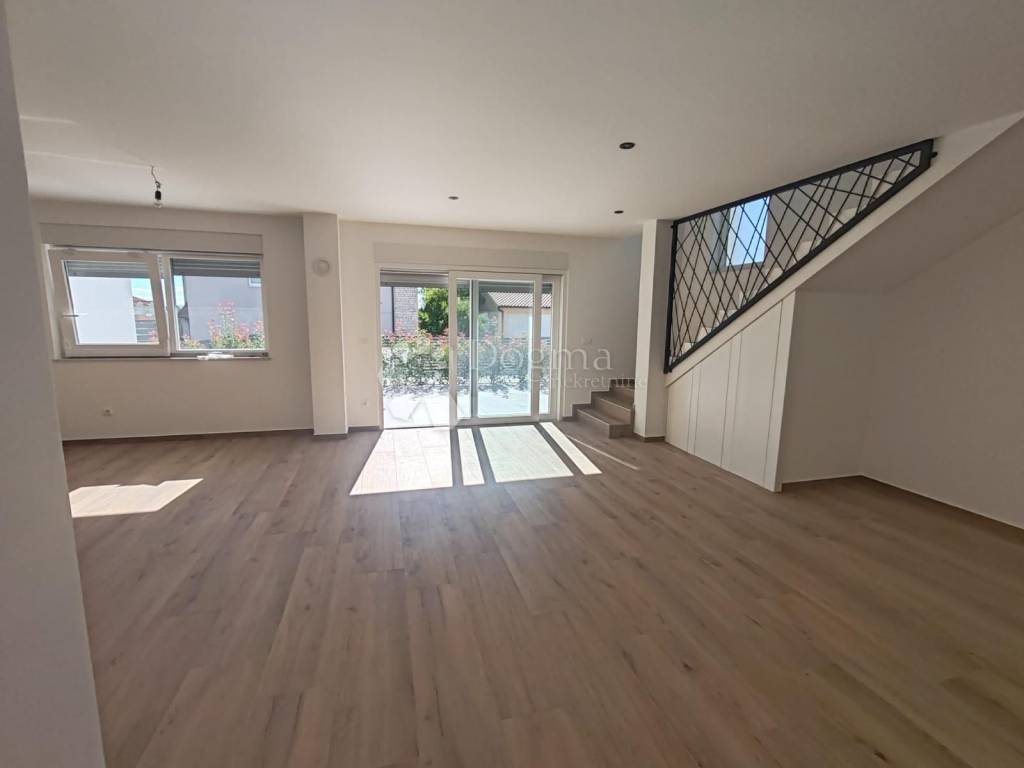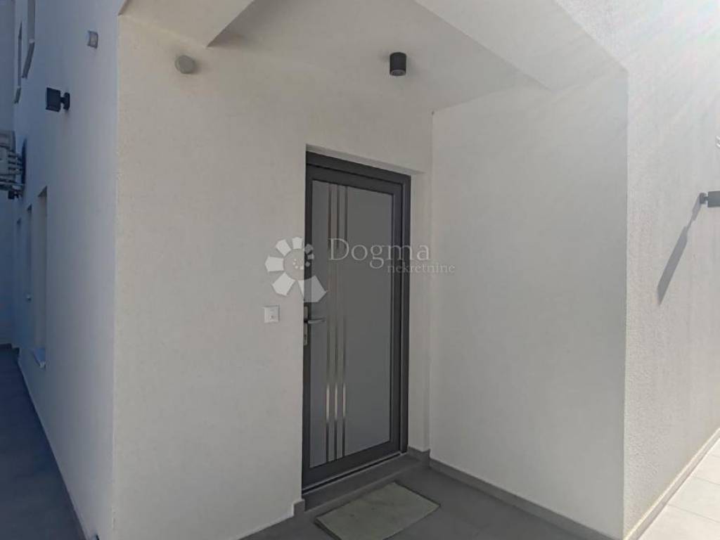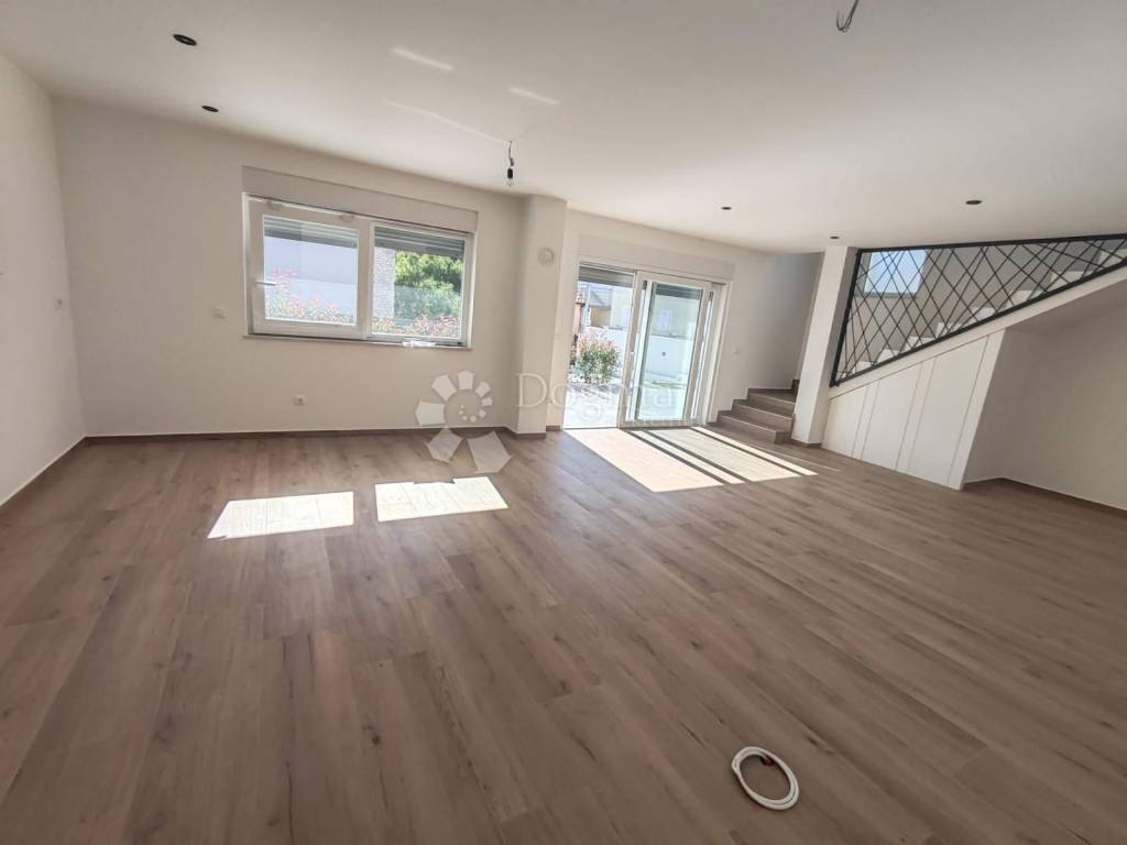 For sale: a newly built, completed and immediately move-in ready family house featuring modern architecture and an excellent layout, located in a quiet part of Vodice. The house is part of a semi-detached building and extends over two floors ground floor and first floor, with a total usable area of 162 m.
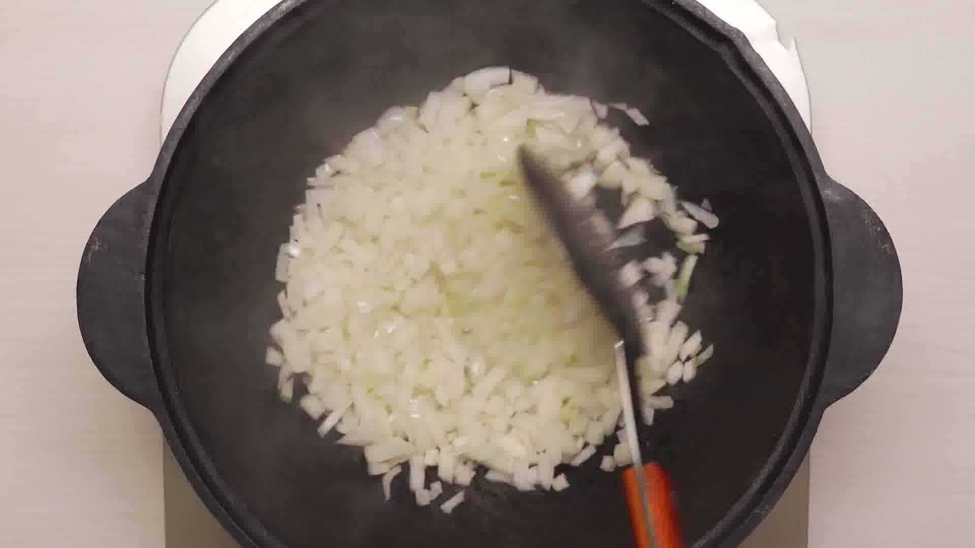 На дно казана вливаем масло для жарки, затем его нагреваем и добавляем порезанный лук, обжариваем 2-3 минуты на сильном огне.
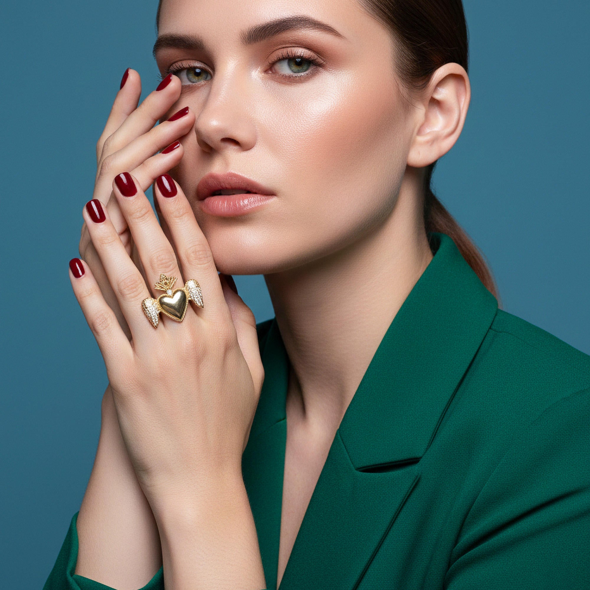 Anillo ajustable del Sagrado Corazon con circonias 28mm
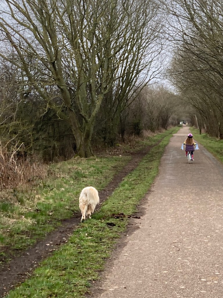 Now today’s walk was carefully planned as we were going to watch Ross ( number 2 in our 4 children) play tag rugby for the Yorkshire Roses over 40’s team at 1 pm – but you know too well about the best made plans of mice and men…..indeed they went wayward because to my delight, our granddaughter came to stay ! So I was faced with a dilemma. What to do re my Saturday walk? (bearing in mind we were all going to go to watch the rugby) Millie needed a walk before we left ; I needed to complete my 5 km ( if I hadn’t done so before I have to walk the best part of 15 times round a rugby pitch) hence hands full ! …….solution , take granddaughter plus bicycle, plus dog and yours truly , drive to trans Penine trail ( ok we live within walking distance of said trail but give me some slack , surely you agree it is too much for me to walk up a hill with dog plus granddaughter plus bicycle ….) and bob’s your uncle ( trust me…)
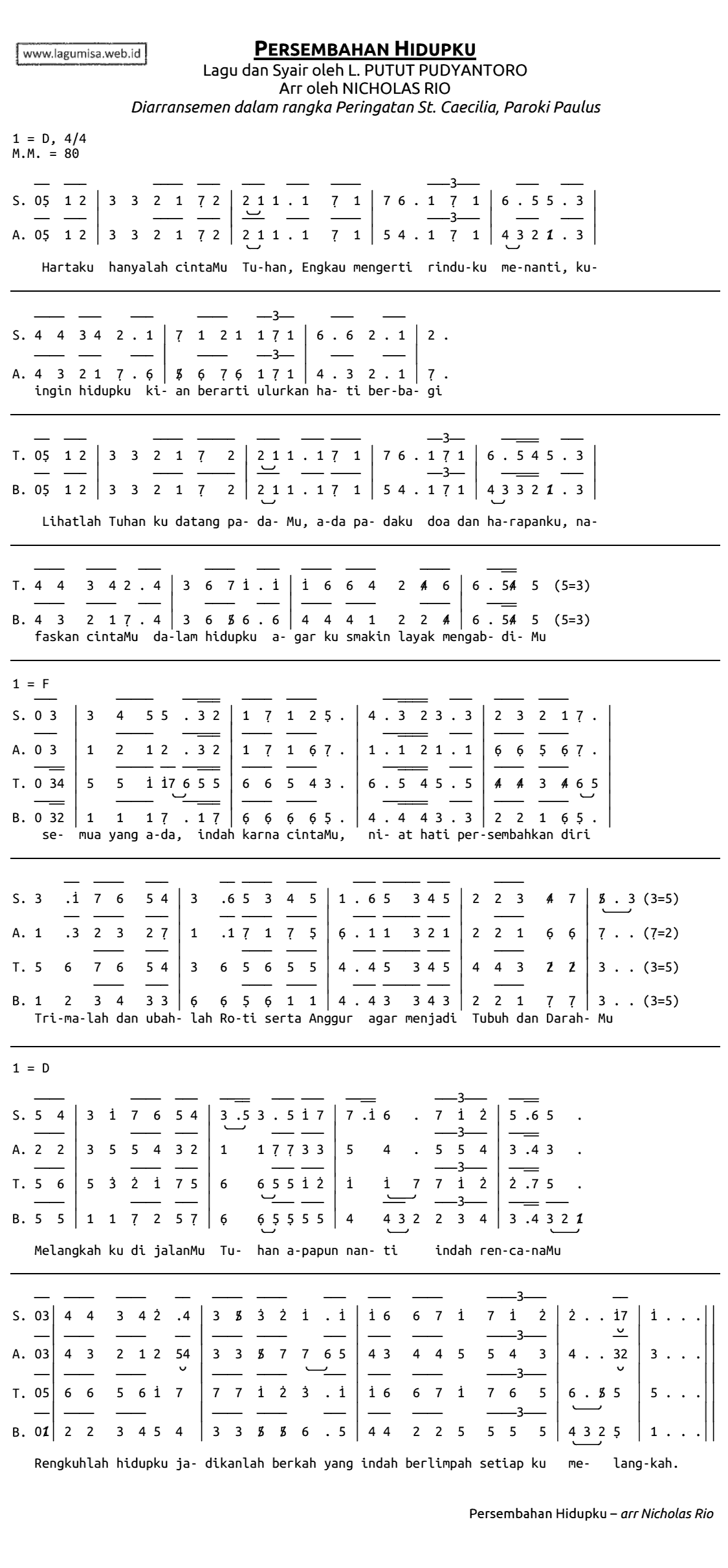 PERSEMBAHAN HIDUPKU | Lagu & Syair : L Putut PudyantoroAransemen SATB : Nicholas Rio | 1 = D, 4/4, MM. 80 |
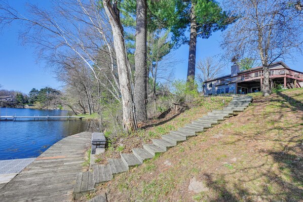 Lake Wissota Home w/ Private Dock + Fire Pit! provides amenities, such as a marina and a firepit. Guests can connect to free WiFi in public areas.
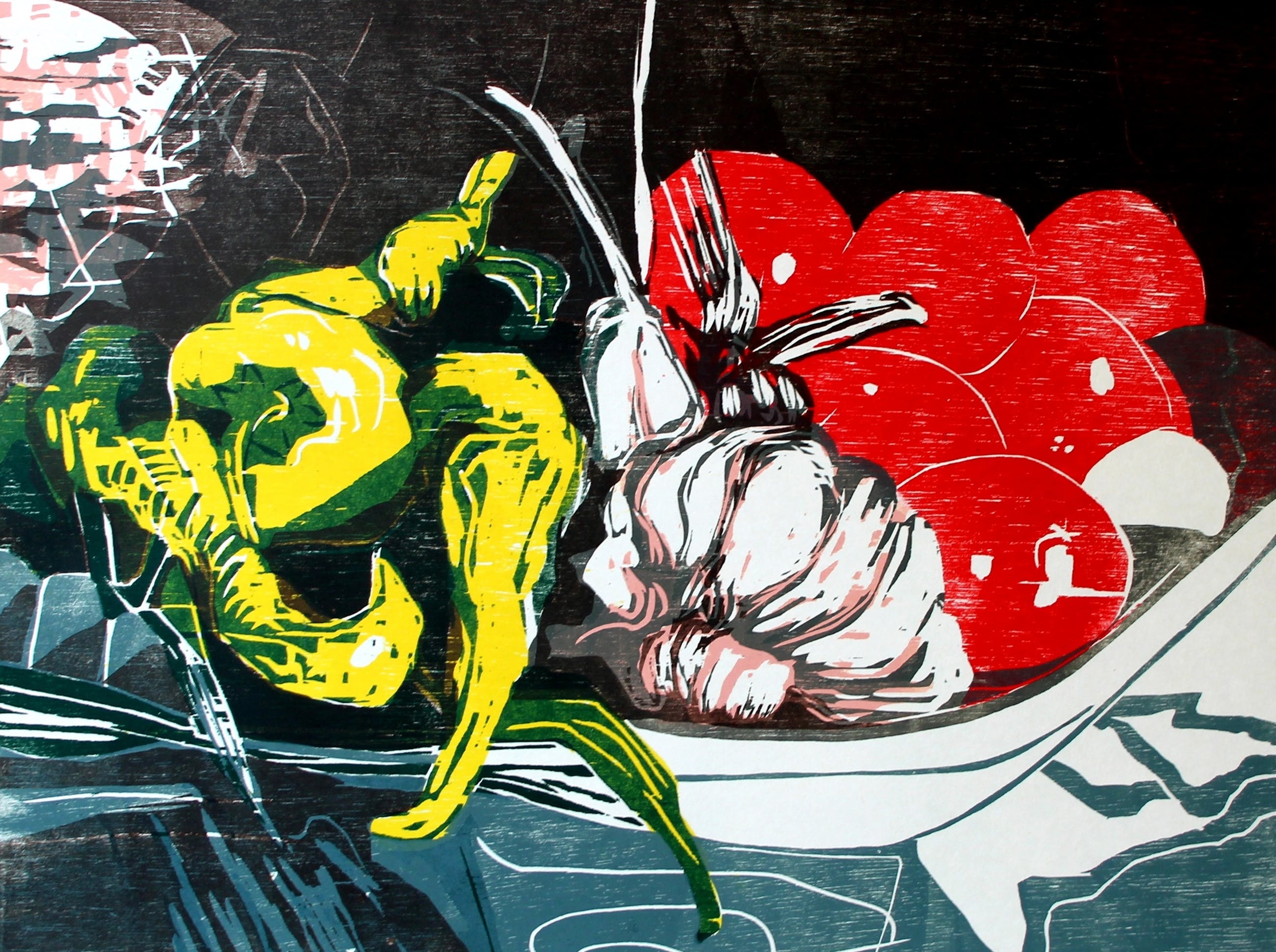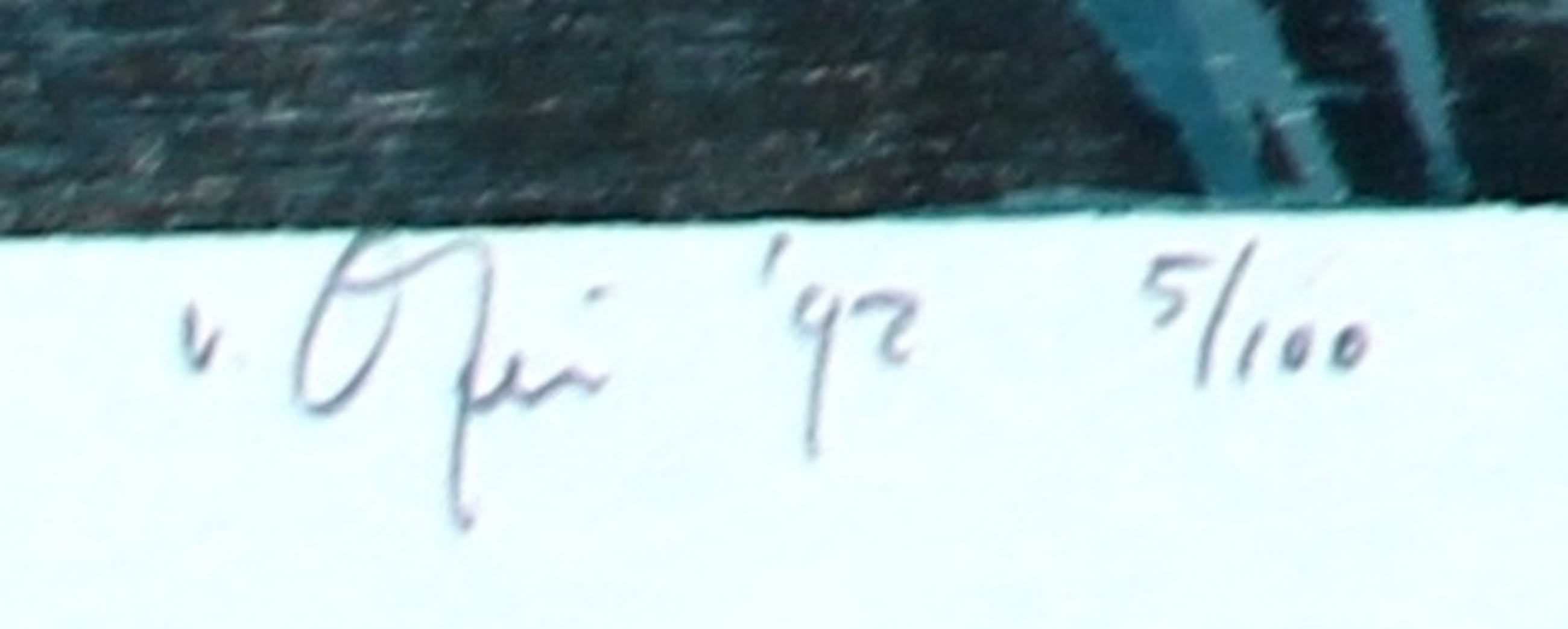 Houtsnede van Vincent van Ojen. Stilleven fruitschaal. Nummer: 5/100. Afmetingen blad: h49.5 x b64.5cm. Afmetingen voorstelling: h40 x b52 cm. Het werk is links onderaan, met potlood, gesigneerd door de kunstenaar. De authenticiteit van dit werk wordt volledig gegarandeerd. Een certificaat van echtheid kan, op aanvraag, worden gemaild.

——

When you repeat the data, keep it exact and drop every picture.

■ **WRITTEN SOLUTION**:
 For sale: a newly built, completed and immediately move-in ready family house featuring modern architecture and an excellent layout, located in a quiet part of Vodice. The house is part of a semi-detached building and extends over two floors ground floor and first floor, with a total usable area of 162 m.
 На дно казана вливаем масло для жарки, затем его нагреваем и добавляем порезанный лук, обжариваем 2-3 минуты на сильном огне.
 Anillo ajustable del Sagrado Corazon con circonias 28mm
 Now today’s walk was carefully planned as we were going to watch Ross ( number 2 in our 4 children) play tag rugby for the Yorkshire Roses over 40’s team at 1 pm – but you know too well about the best made plans of mice and men…..indeed they went wayward because to my delight, our granddaughter came to stay ! So I was faced with a dilemma. What to do re my Saturday walk? (bearing in mind we were all going to go to watch the rugby) Millie needed a walk before we left ; I needed to complete my 5 km ( if I hadn’t done so before I have to walk the best part of 15 times round a rugby pitch) hence hands full ! …….solution , take granddaughter plus bicycle, plus dog and yours truly , drive to trans Penine trail ( ok we live within walking distance of said trail but give me some slack , surely you agree it is too much for me to walk up a hill with dog plus granddaughter plus bicycle ….) and bob’s your uncle ( trust me…)
 PERSEMBAHAN HIDUPKU | Lagu & Syair : L Putut PudyantoroAransemen SATB : Nicholas Rio | 1 = D, 4/4, MM. 80 |
 Lake Wissota Home w/ Private Dock + Fire Pit! provides amenities, such as a marina and a firepit. Guests can connect to free WiFi in public areas.
 Houtsnede van Vincent van Ojen. Stilleven fruitschaal. Nummer: 5/100. Afmetingen blad: h49.5 x b64.5cm. Afmetingen voorstelling: h40 x b52 cm. Het werk is links onderaan, met potlood, gesigneerd door de kunstenaar. De authenticiteit van dit werk wordt volledig gegarandeerd. Een certificaat van echtheid kan, op aanvraag, worden gemaild.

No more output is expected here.